***** Source data *****

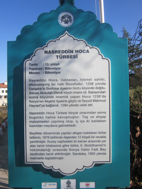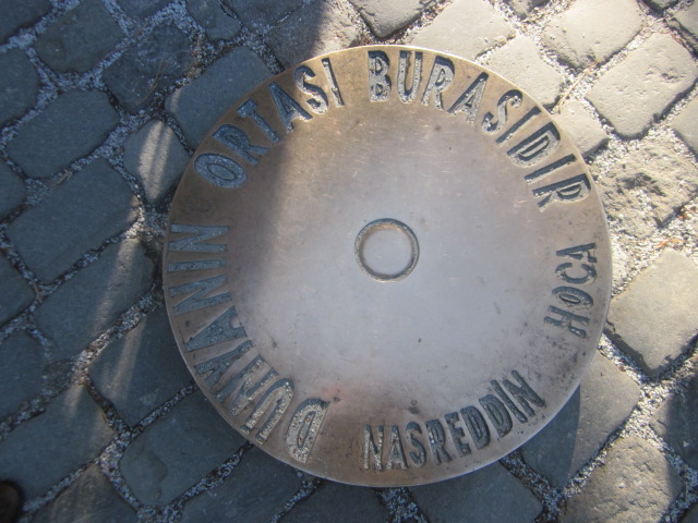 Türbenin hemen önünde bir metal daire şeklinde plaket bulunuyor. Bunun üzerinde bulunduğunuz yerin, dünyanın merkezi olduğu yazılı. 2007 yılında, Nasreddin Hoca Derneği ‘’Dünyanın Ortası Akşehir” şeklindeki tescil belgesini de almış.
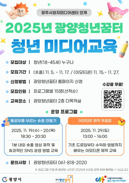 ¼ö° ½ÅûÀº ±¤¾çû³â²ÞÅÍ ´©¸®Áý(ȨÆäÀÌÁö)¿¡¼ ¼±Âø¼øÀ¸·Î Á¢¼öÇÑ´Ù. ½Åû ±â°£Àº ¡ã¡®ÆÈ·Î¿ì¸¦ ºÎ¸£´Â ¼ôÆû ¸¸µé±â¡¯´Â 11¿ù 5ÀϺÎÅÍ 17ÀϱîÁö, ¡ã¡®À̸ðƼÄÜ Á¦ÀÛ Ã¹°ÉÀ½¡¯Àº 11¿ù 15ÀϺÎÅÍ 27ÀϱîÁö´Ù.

*****
***** Source data *****

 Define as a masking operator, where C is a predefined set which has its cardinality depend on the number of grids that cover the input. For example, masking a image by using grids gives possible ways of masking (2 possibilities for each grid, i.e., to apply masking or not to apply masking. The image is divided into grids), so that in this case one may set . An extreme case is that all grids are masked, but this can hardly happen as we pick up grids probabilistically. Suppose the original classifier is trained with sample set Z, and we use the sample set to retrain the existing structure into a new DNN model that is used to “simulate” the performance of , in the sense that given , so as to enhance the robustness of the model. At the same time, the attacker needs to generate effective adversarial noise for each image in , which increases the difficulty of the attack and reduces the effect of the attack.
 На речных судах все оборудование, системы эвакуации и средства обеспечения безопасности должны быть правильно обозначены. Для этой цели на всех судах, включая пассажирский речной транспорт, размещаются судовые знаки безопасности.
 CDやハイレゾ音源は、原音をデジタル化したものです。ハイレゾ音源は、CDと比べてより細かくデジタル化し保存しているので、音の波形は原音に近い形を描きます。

*****

## Directions for this task:
Set down, from the entries above, exactly the lines from the one with "На речных судах" up to and including the one with "CDやハイレゾ音源は、原音を", and no other lines.

## Result below:
 На речных судах все оборудование, системы эвакуации и средства обеспечения безопасности должны быть правильно обозначены. Для этой цели на всех судах, включая пассажирский речной транспорт, размещаются судовые знаки безопасности.
 CDやハイレゾ音源は、原音をデジタル化したものです。ハイレゾ音源は、CDと比べてより細かくデジタル化し保存しているので、音の波形は原音に近い形を描きます。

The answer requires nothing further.